No, that's a different feature with the same name. That allows you to quickly layer graphics from a built-in set on top of existing photos, like in Snapchat. The "stickers" I'm referring to, in the Telegram/WeChat/LINE sense, are essentially custom emojis, or macros for sending one of a collection of reaction images as its own message.
I'm not criticizing you when you say that you need stickers, but please help me understand: how do you rely on stickers to communicate?
I can understand them being a nice UI/UX feature that makes the app more fun, but I cannot possibly imagine that people actually rely on stickers to communicate.
Maybe you mean something different and I'm misunderstanding you?
Not me as an individual, but various communities I'm in contact with have stickers ingrained into their culture and social norms. People collect up to hundreds of stickers for different situations, make their own based on shared iconography, and some even have custom stickers commissioned from artists, of themselves, of characters they've created, etc. For groups that are really invested in stickers, migrating to an app which lacks them would significantly alter their dynamics.
To succinctly convey emotions, opinions, viewpoints, "feels". To simply have a non-verbal vocabulary, to have a different quality to certain parts of the communication, to signify a different quality of seriousness/playfulness/feeling.
Not sure what you mean by "like memes". They are just funny images with thousands of variations that you can send. If you're going to sleep - send something cute that shows it.
Sure, if emojis could be infinitely extended with arbitrary images and were sent as their own messages instead of being embedded inline with other text. Replying to another message with a sticker also fills the role played by reactions on Facebook Messenger.

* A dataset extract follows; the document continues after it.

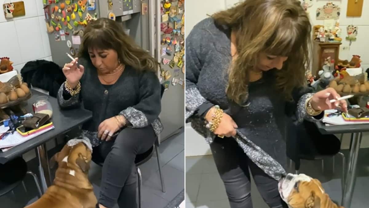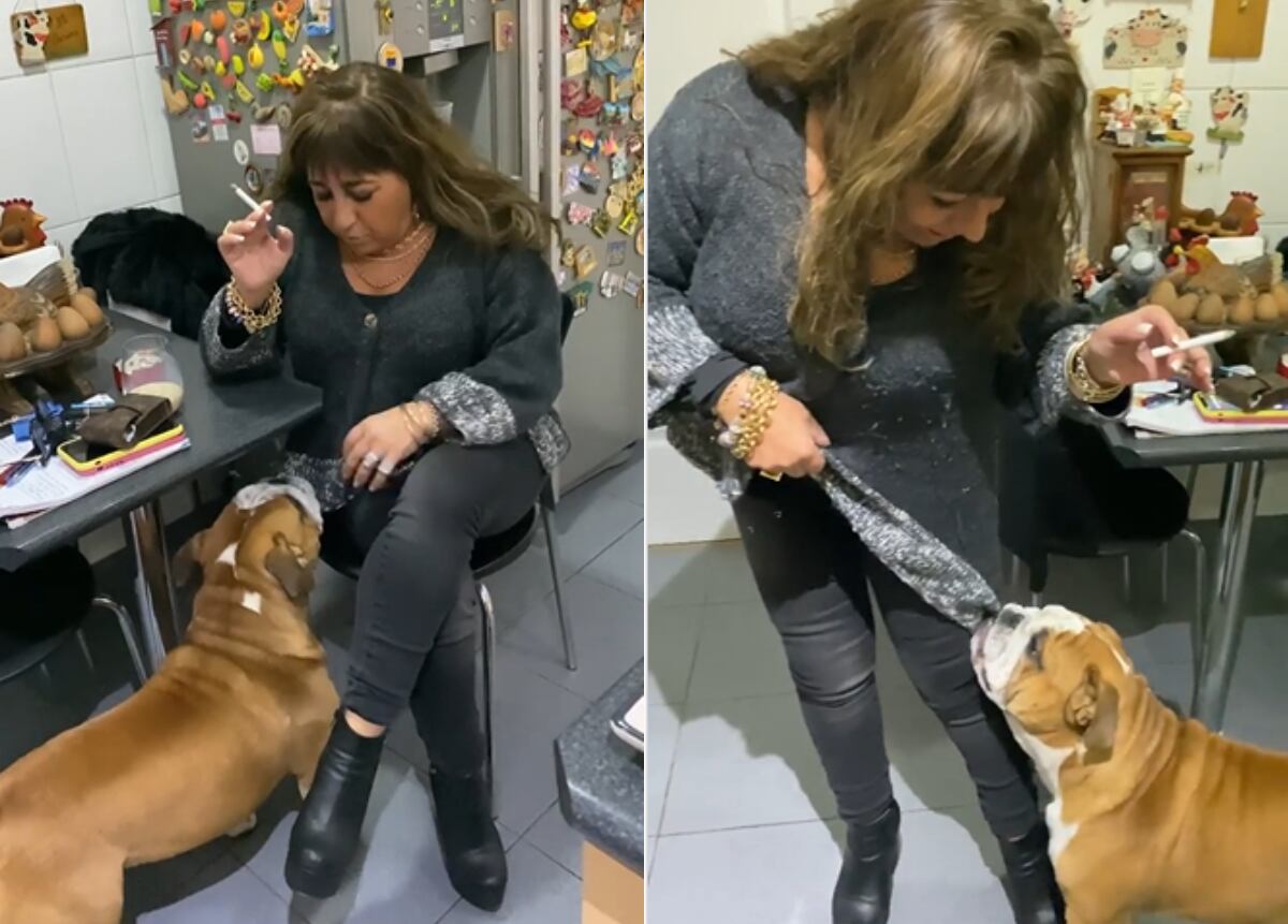 «Retírate de la cocina», le señala al perro, el cual no se mueve. «No obedece», señala finalmente, hasta que segundos después el can se va de la cocina.
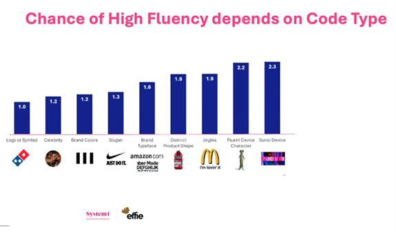 Silná emoce ale nestačí, pokud si divák nepamatuje, jaké značky se reklama týkala. Zde vstupuje do hry pojem fluency – schopnost značky být okamžitě rozpoznatelná díky vizuálním, zvukovým nebo jazykovým prvkům (brand codes). Různé kódy značky přitom mají různý vliv na rozpoznatelnost.

If you pass links to known sticker images, and the recipient has to retrieve them by means outside the Signal protocol, that reduces security. An observer can detect when a receiver fetches a sticker image, and they can tell which one. For example, noting that a message has forced the loading of collection "Gay"[1] provides much useful information to an observer.
Having to send stickers every time ups the overhead. Also, if stickers are well known variable length files, it may be possible to make good guesses about which stickers are attached.

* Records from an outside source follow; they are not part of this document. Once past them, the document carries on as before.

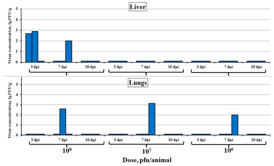 The i.d. injected virus at a dose of 108 pfu was detected in the liver in some animals on 3 and 7 dpi. In one-third of the animals, LIVP-14 was revealed in the lungs on 7 dpi for all three infective doses (Figure 3). After i.d. administration, LIVP-14 was not revealed in the samples of the other internal organs under study.
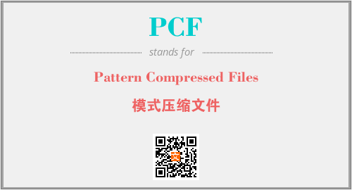 上述内容是“Pattern Compressed Files”作为“PCF”的缩写,解释为“模式压缩文件”时的信息,以及英文缩略词PCF所代表的英文单词,其对应的中文拼音、详细解释以及在英文中的流行度和相关分类、应用领域及应用示例等。
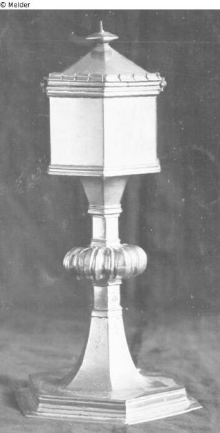 Suchmeldung Ciborium Hersteller/Künstler:in Unbekannt (Deutsch) Objektart Kunsthandwerk / -gewerbe Material / TechnikMetall (Kupfer) / vergoldetLost Art-ID450207
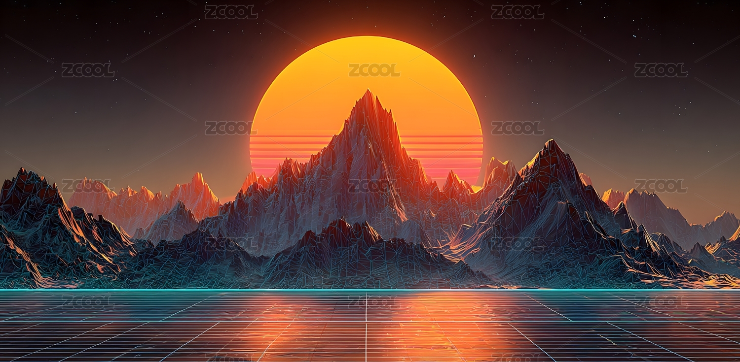 风景,地形,自然,户外,日落,自然美,天空,插画,背景
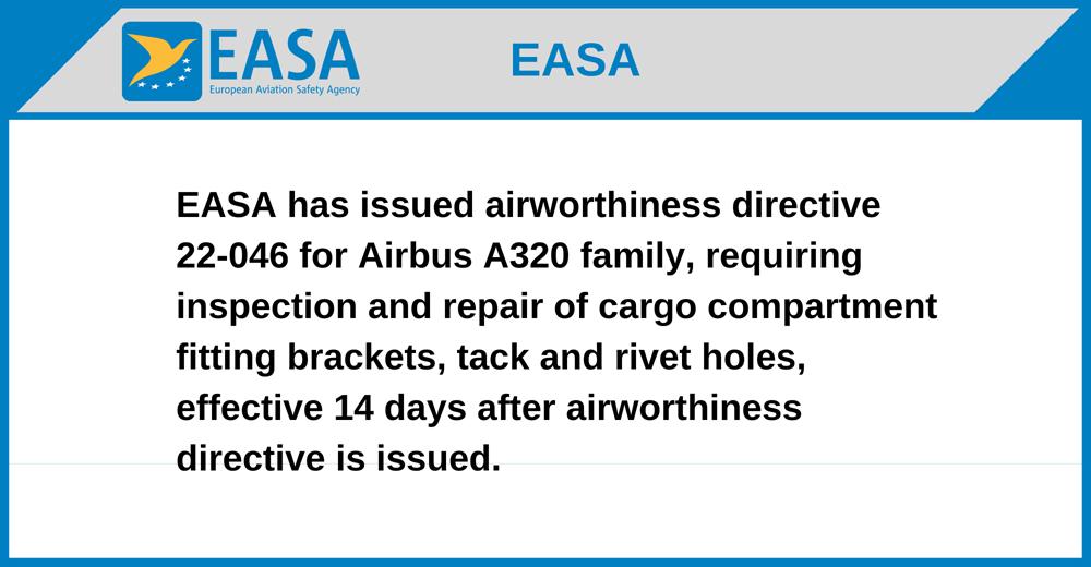 EASA has issued airworthiness directive 22-046 for Airbus A320 family, requiring inspection and repair of cargo compartment fitting brackets, tack and rivet holes, effective 14 days after airworthiness directive is issued.
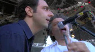 Subito dopo, sempre spalleggiato da Barbarossa, Marcorè si esibisce in una spassosa imitazione di Antonio Di Pietro, che fa da introduzione all’ingresso di uno dei gruppi più amati e rappresentativi: i Modena City Ramblers, che esordiscono con ‘I cento passi’, dedicata a Peppino Impastato.
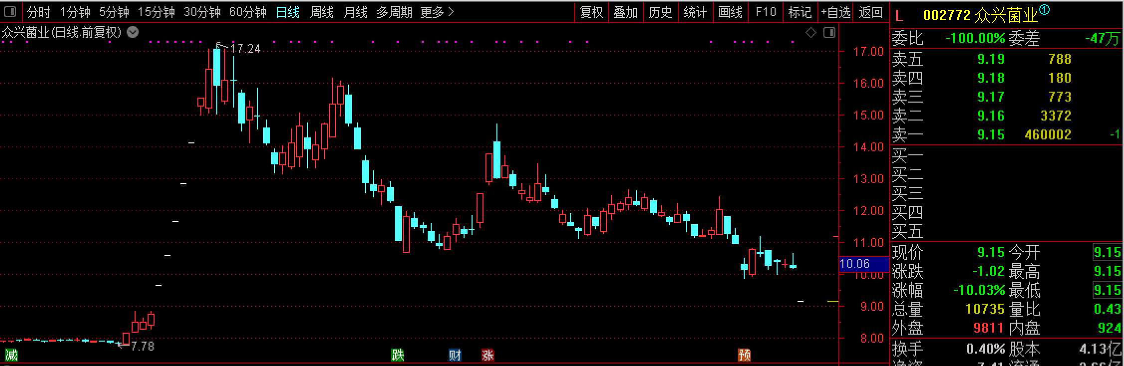 2021年8月12日众兴菌业的股价为11.39元,2021年9月24日的股价为11.36元,如今“一字跌停”后的现价为9.15元,价格差不多相当于质押的8成,未知警戒线是多少,但显然会令质权人紧张。要知道,根据众兴菌业2021年前三季度的业绩预告:预计亏损4500万元至5500万元,是难以引发众兴菌业股价大涨的。可以说这就是一场“美丽的误会”。

You could negotiate sticker sending by hash: the first message only contains the hash value, if the recipient already has that sticker stored, it can be displayed immediately. Otherwise the full data can be requested.
EDIT: That scheme can be used to probe whether or not someone already has a specific sticker stored, so it might have to be separated per-contact to avoid leakage.
https://telegram.org/blog/stickers-revolution
Various communities absolutely rely on this style of communication, so it becomes a dealbreaking feature.